Transcribe all the lines below exactly. Omit the pictures.

(Stored entries)
---------------
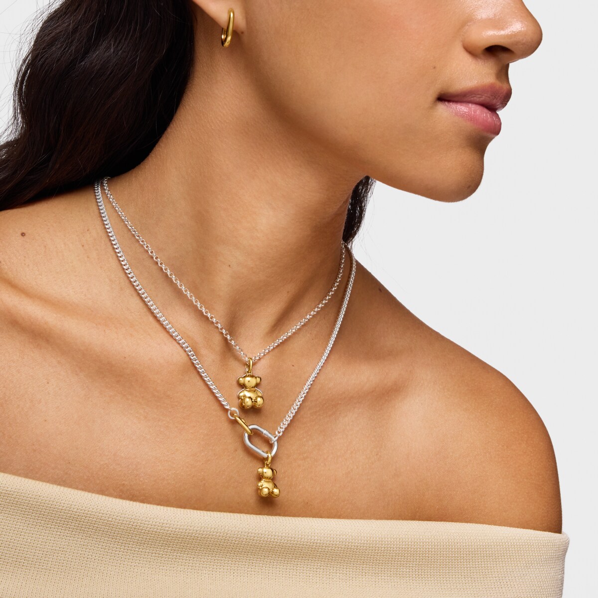 Кулон TOUS из коллекции Отважный Мишка (Bold Bear) состоит из двух кулонов, один мишка из желтого вермеля, второй мишка из серебра. Материал: серебро 925 пробы и вермель - серебро 925 пробы, покрытое слоем золота 750 пробы толщиной от 3 до 5 микрон, без каких-либо иных металлов между ними. Размер мишки: 16 мм. Цепь не включена в комплект.
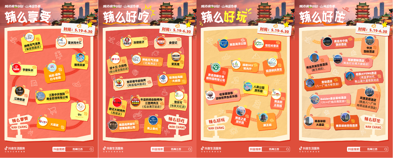 南昌,這座承載著“紅色故都”與“生態(tài)水城”雙重基因的城市,近日迎來了一場以“贛味美食、生態(tài)美景、歷史文化”為核心的消費熱潮。抖音生活服務(wù)“城市奔赴計劃-熱辣江西”活動,結(jié)合端午、六一等節(jié)點熱點,通過線上線下多元玩法,成功激活春夏消費市場,掀起一場“熱辣”風(fēng)暴。
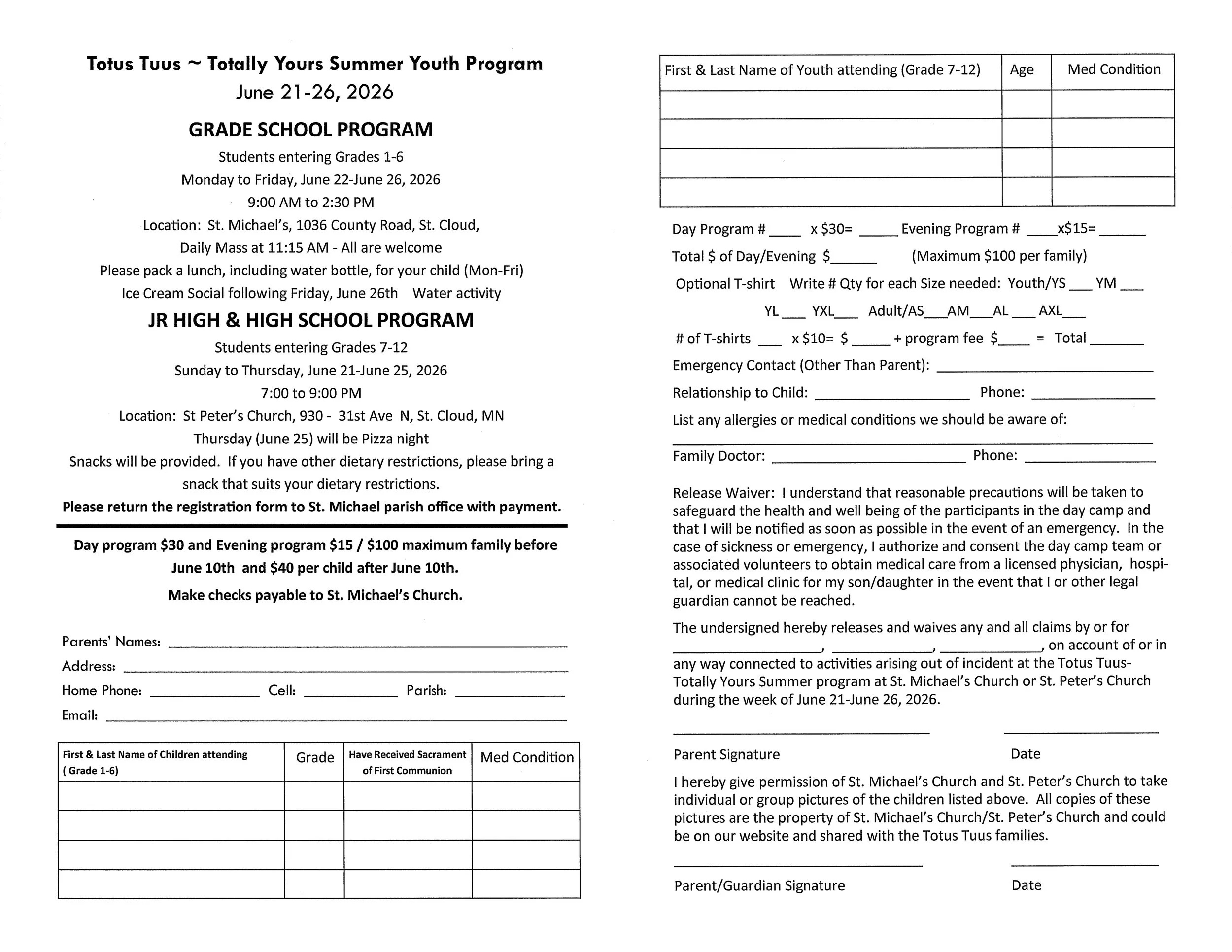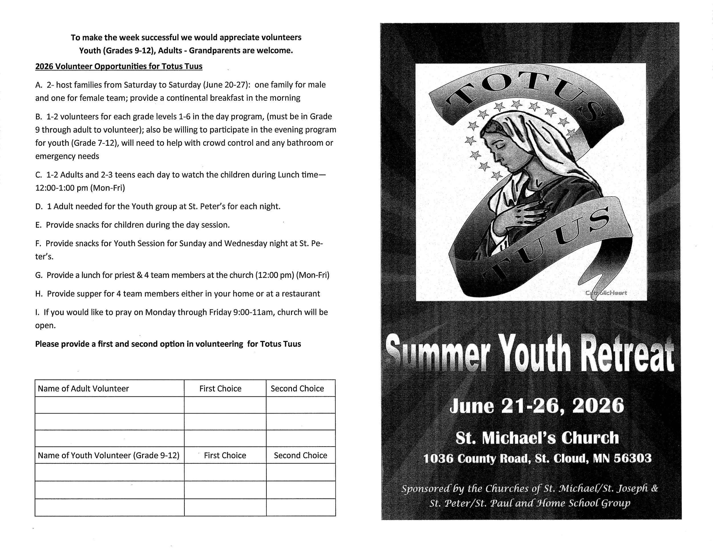 Totus Tuus - Totally Yours Summer Youth Camp Sunday, June 21, 2026 7:00 PM Friday, June 26, 2026 2:30 PM Google Calendar ICS
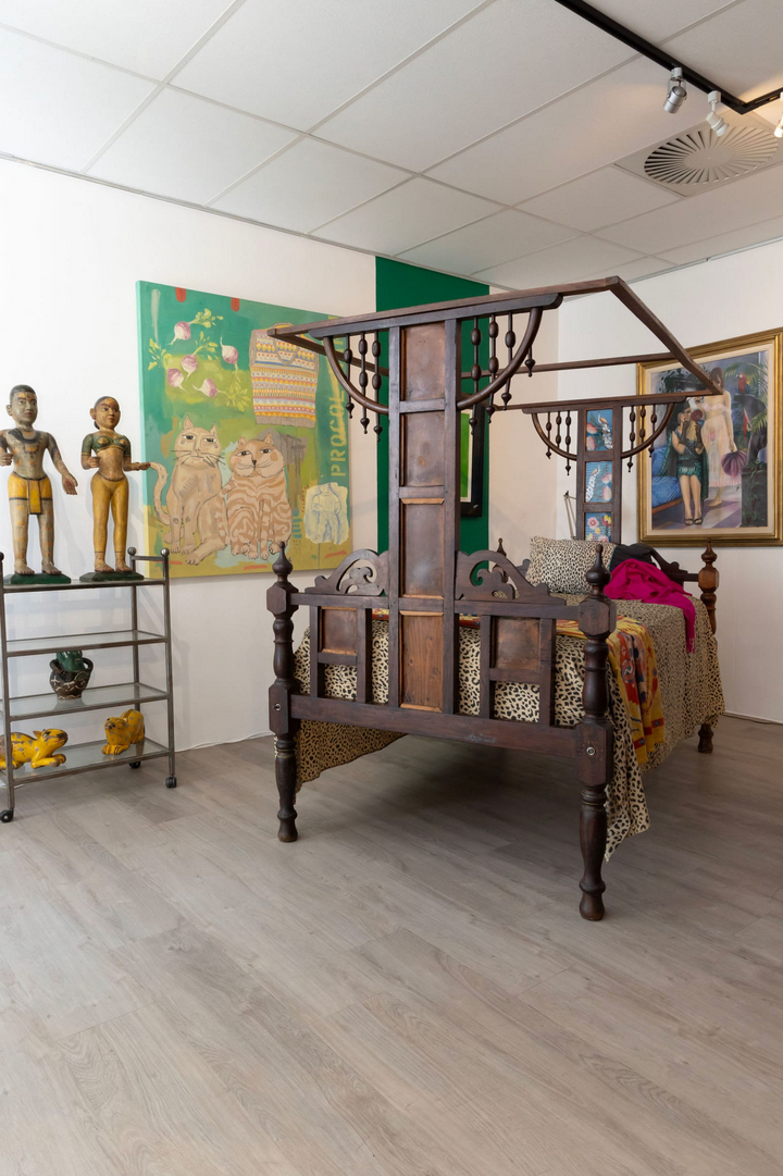 It is unusual for Strauss & Co to auction furniture, and one can see why they would make an exception for this occasion. Antique armchairs from India with animal print upholstery sit next to an Eames chaise lounge, a Giacomo Castiglioni-inspired lamp illuminates lacquered wood panel screens, and a Hans Peter Krafft White lamb children's chair stands next to African masks. A highlight is a canopy bed from Zanzibar, which features decorative panels and leopard-print sheets.
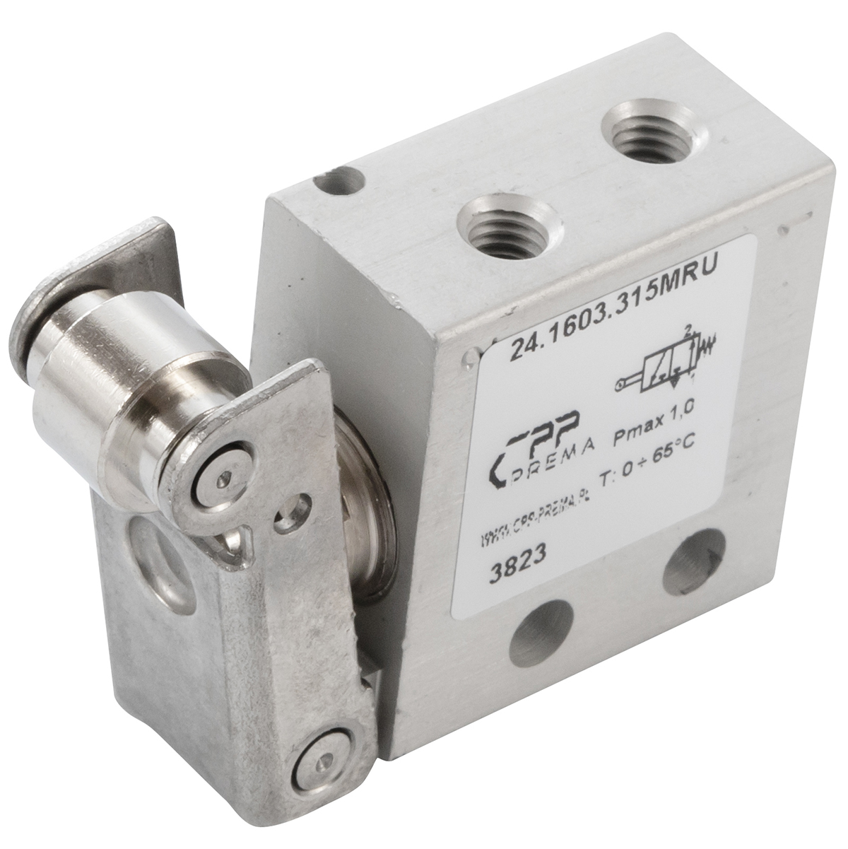 Zawór mechaniczny 3/2 NO normalnie otwarty, dźwignia z rolką zasilanie boczne fi 4 mm
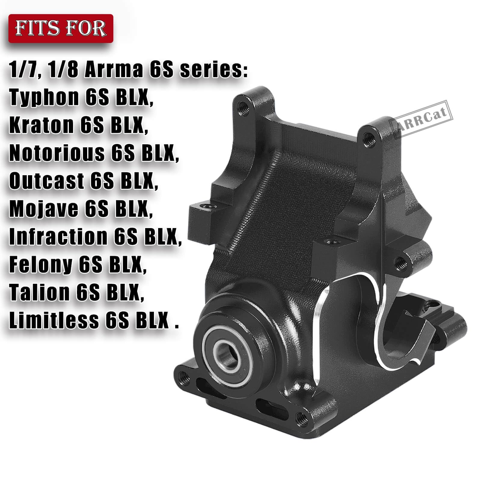 - Q: What RC car models are compatible with the Aluminum Gearbox Case? A: This Aluminum Gearbox Case is designed to replace the original FRONT or REAR Aluminum Gearbox Case for 1/7 and 1/8 ARRMA 6S series models, including Typhon 6S BLX, Kraton 6S BLX, Notorious 6S BLX, Outcast 6S BLX, Mojave 6S BLX, Infraction 6S BLX, Felony 6S BLX, and Talion 6S BLX.
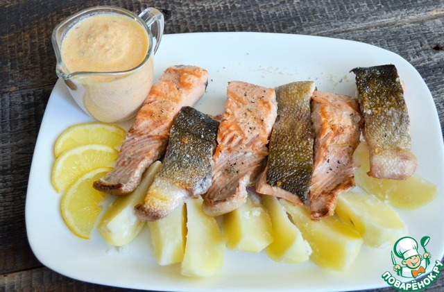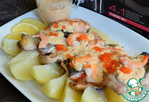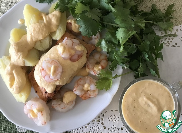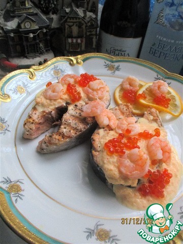 Рецепт «Кета-гриль с креветочно-сливочным соусом»:
---------------
Solution to the exercise:
 Кулон TOUS из коллекции Отважный Мишка (Bold Bear) состоит из двух кулонов, один мишка из желтого вермеля, второй мишка из серебра. Материал: серебро 925 пробы и вермель - серебро 925 пробы, покрытое слоем золота 750 пробы толщиной от 3 до 5 микрон, без каких-либо иных металлов между ними. Размер мишки: 16 мм. Цепь не включена в комплект.
 南昌,這座承載著“紅色故都”與“生態(tài)水城”雙重基因的城市,近日迎來了一場以“贛味美食、生態(tài)美景、歷史文化”為核心的消費熱潮。抖音生活服務(wù)“城市奔赴計劃-熱辣江西”活動,結(jié)合端午、六一等節(jié)點熱點,通過線上線下多元玩法,成功激活春夏消費市場,掀起一場“熱辣”風(fēng)暴。
 Totus Tuus - Totally Yours Summer Youth Camp Sunday, June 21, 2026 7:00 PM Friday, June 26, 2026 2:30 PM Google Calendar ICS
 It is unusual for Strauss & Co to auction furniture, and one can see why they would make an exception for this occasion. Antique armchairs from India with animal print upholstery sit next to an Eames chaise lounge, a Giacomo Castiglioni-inspired lamp illuminates lacquered wood panel screens, and a Hans Peter Krafft White lamb children's chair stands next to African masks. A highlight is a canopy bed from Zanzibar, which features decorative panels and leopard-print sheets.
 Zawór mechaniczny 3/2 NO normalnie otwarty, dźwignia z rolką zasilanie boczne fi 4 mm
 - Q: What RC car models are compatible with the Aluminum Gearbox Case? A: This Aluminum Gearbox Case is designed to replace the original FRONT or REAR Aluminum Gearbox Case for 1/7 and 1/8 ARRMA 6S series models, including Typhon 6S BLX, Kraton 6S BLX, Notorious 6S BLX, Outcast 6S BLX, Mojave 6S BLX, Infraction 6S BLX, Felony 6S BLX, and Talion 6S BLX.
 Рецепт «Кета-гриль с креветочно-сливочным соусом»:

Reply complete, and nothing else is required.